SUPPLIED DATA
::::::

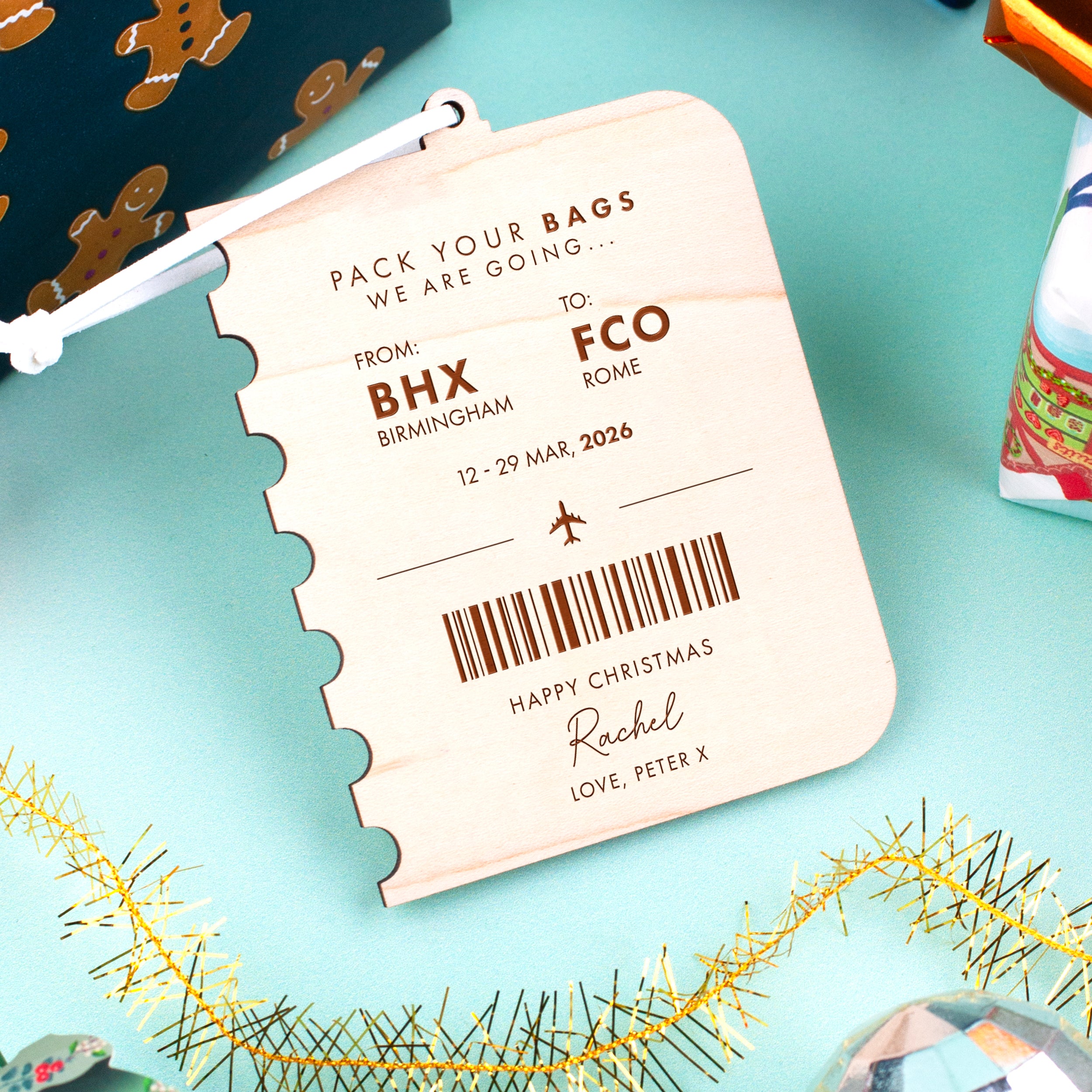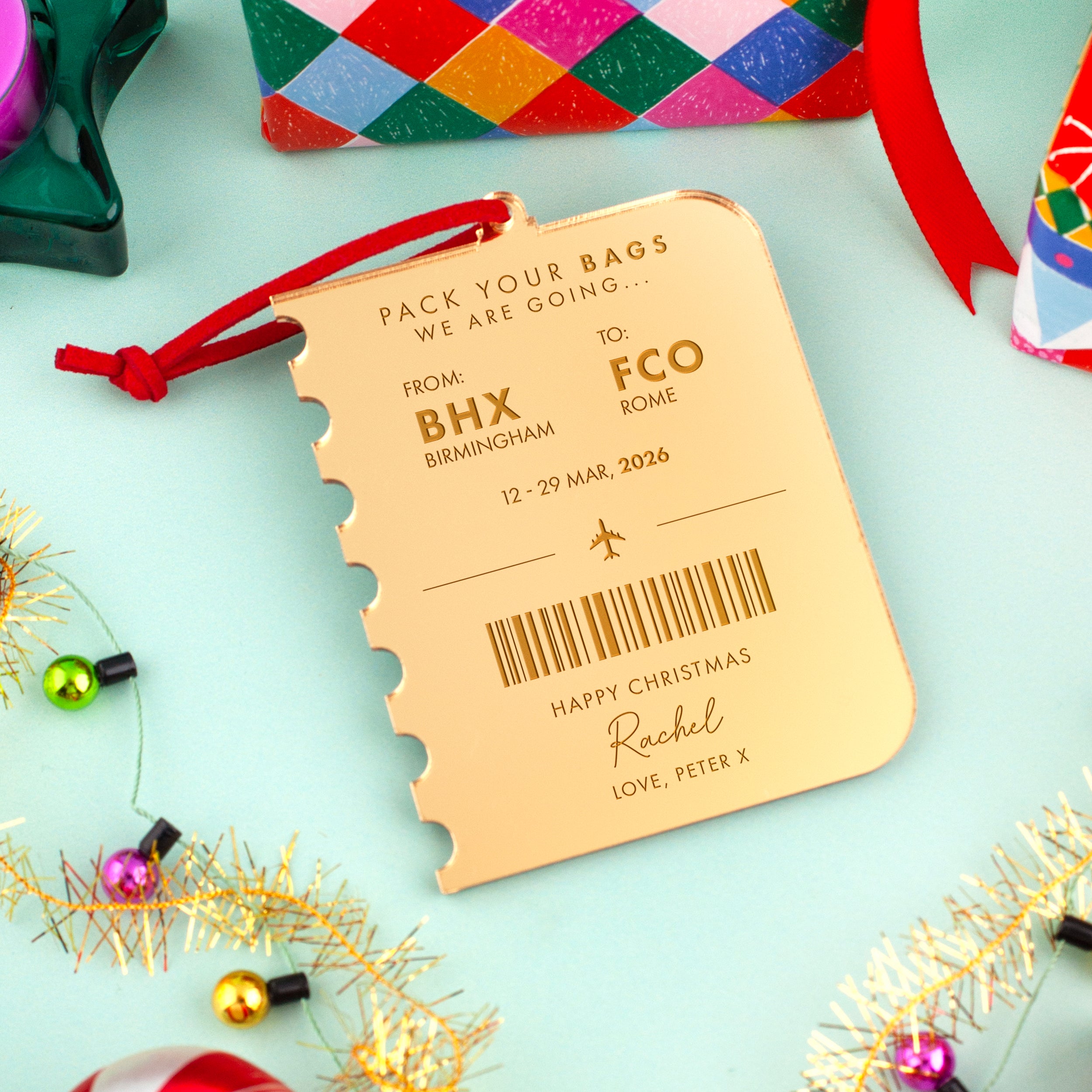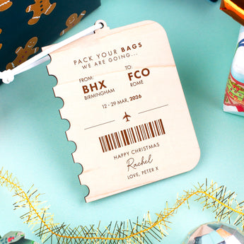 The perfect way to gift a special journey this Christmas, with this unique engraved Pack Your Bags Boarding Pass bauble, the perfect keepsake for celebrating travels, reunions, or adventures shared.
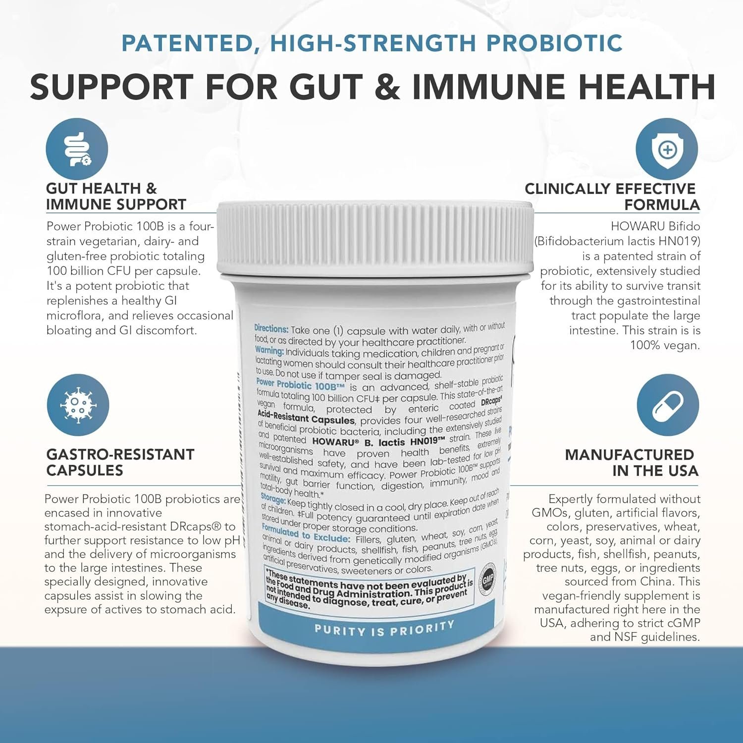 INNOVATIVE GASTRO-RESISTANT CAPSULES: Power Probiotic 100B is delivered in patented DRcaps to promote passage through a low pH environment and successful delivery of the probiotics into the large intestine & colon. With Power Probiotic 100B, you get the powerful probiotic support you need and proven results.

::::::

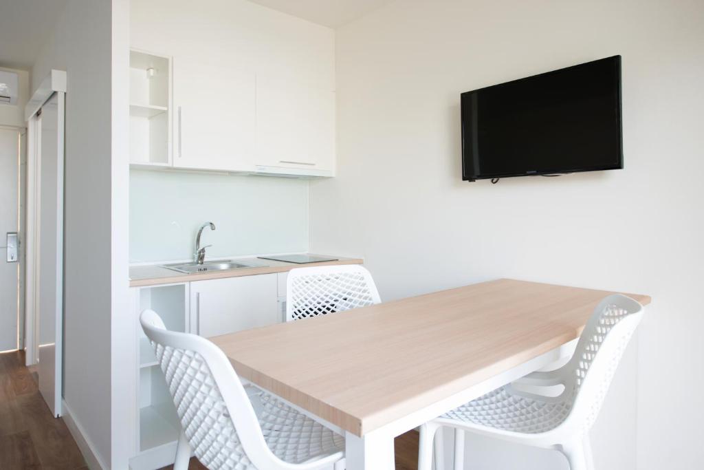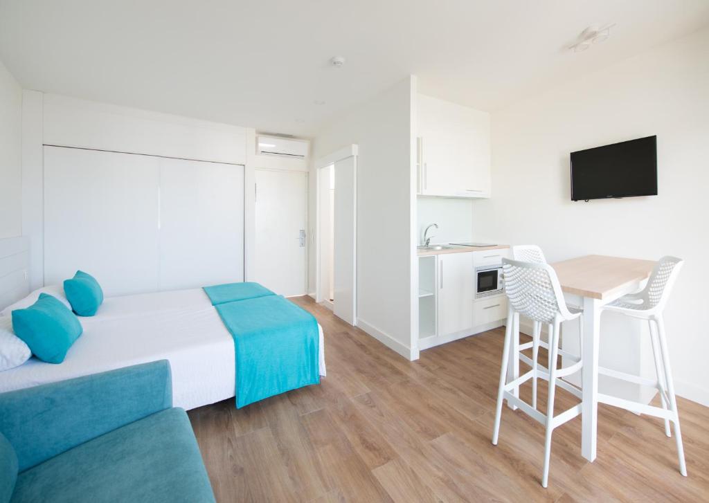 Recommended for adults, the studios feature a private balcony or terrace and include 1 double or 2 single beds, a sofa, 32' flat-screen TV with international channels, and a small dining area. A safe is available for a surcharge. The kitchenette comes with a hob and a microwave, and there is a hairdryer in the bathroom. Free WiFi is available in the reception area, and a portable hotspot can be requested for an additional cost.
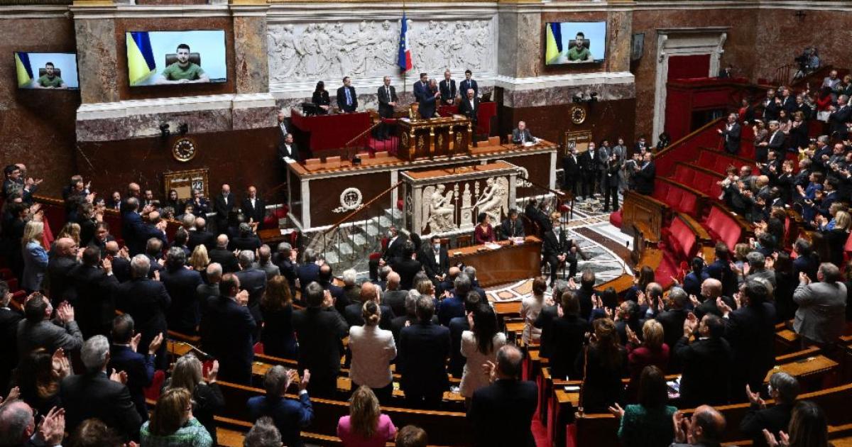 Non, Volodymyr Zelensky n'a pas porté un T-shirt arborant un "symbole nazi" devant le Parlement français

::::::

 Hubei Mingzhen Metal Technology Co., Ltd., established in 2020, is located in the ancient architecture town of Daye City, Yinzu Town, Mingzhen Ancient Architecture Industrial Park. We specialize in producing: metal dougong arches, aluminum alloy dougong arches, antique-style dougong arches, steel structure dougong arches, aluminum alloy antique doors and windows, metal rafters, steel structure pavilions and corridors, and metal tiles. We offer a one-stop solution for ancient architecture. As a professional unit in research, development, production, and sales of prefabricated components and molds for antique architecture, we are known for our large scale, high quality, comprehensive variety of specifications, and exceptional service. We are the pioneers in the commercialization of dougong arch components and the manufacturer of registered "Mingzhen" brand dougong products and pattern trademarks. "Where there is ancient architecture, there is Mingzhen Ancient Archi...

::::::

Look through the listing above for the line with "The perfect way" and the line with "INNOVATIVE GASTRO-RESISTANT CAPSULES: Power". Write out exactly those lines and everything between, leaving out pictures.

 The perfect way to gift a special journey this Christmas, with this unique engraved Pack Your Bags Boarding Pass bauble, the perfect keepsake for celebrating travels, reunions, or adventures shared.
 INNOVATIVE GASTRO-RESISTANT CAPSULES: Power Probiotic 100B is delivered in patented DRcaps to promote passage through a low pH environment and successful delivery of the probiotics into the large intestine & colon. With Power Probiotic 100B, you get the powerful probiotic support you need and proven results.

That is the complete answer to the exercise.